Lebenswertes Hüls erhalten


geschrieben am: 20.01.2016 in Kategorie(n): Presse


80 neue Wohnungen
 
In dem Beitrag „80 neue Wohnungen mitten in Hüls“, in dem es um die Bebauung von Garten- und zum Teil naturbelassenen Grundstücken im innerörtlichen Bereich von Hüls geht, fehlen ökologische Überlegungen leider völlig. Als Hülser, der weder Besitzer, noch Pächter eines der besagten Grundstücke ist, habe ich, wie viele andere Hülser, ein großes Interesse daran, dass die noch weitgehend intakte ökologische Struktur des Ortes und jenen Flächen, die für ein gesundes Ortsklima sorgen, erhalten bleiben. Denn solche grünen Inseln mach ja gerade auch den Charakter und den Charme von Hüls aus.

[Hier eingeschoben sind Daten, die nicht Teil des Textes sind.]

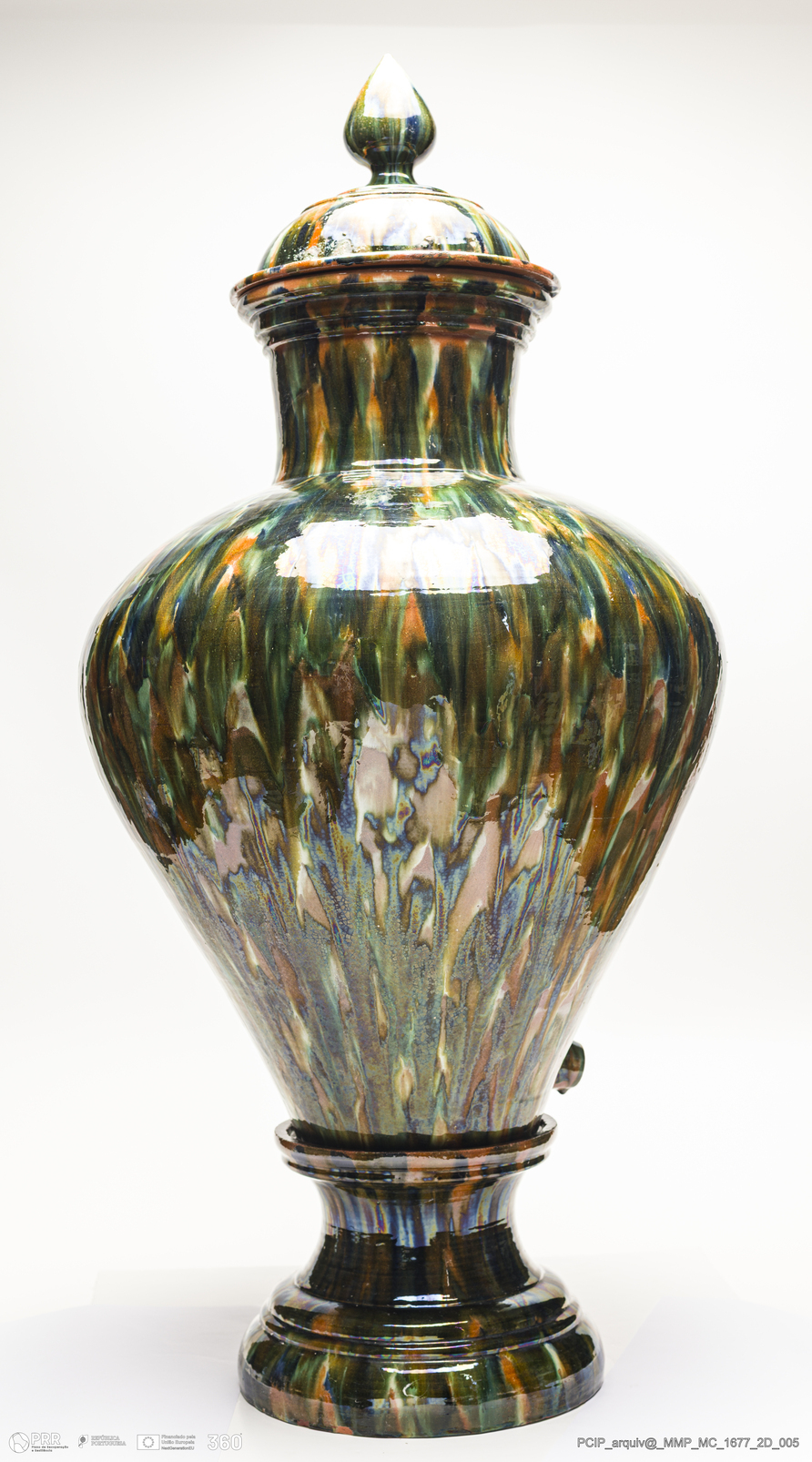 Matéria/Técnica: Barro vermelho rodado. Vidrado polícromo com escorridos; Cronologia: 1945; Autoria: João Jesuíno Marques dos Reis / Olaria de João Reis, Caldas da Rainha, Portugal; Dimensões (cm): Altura: 92,5; Diâmetro: 43.

Schade, dass die planenden politischen und wirtschaftlichen Kräfte dieses Interesse leider nicht haben und dass ihnen eine Versiegelung des Ortes, vielleicht auch Profit- und Profilsucht scheinbar wichtiger sind, als Hüls für seine Bewohner lebenswert und liebenswert zu erhalten, wie es zur Zeit noch ist. Nicht zuletzt hat eine gesunde Umwelt, zu der gerade auch das örtliche Kleinklima zählt, für Kinder eine besondere Bedeutung. Das macht die Kinderrechtskonvention der Vereinten Nationen sehr deutlich.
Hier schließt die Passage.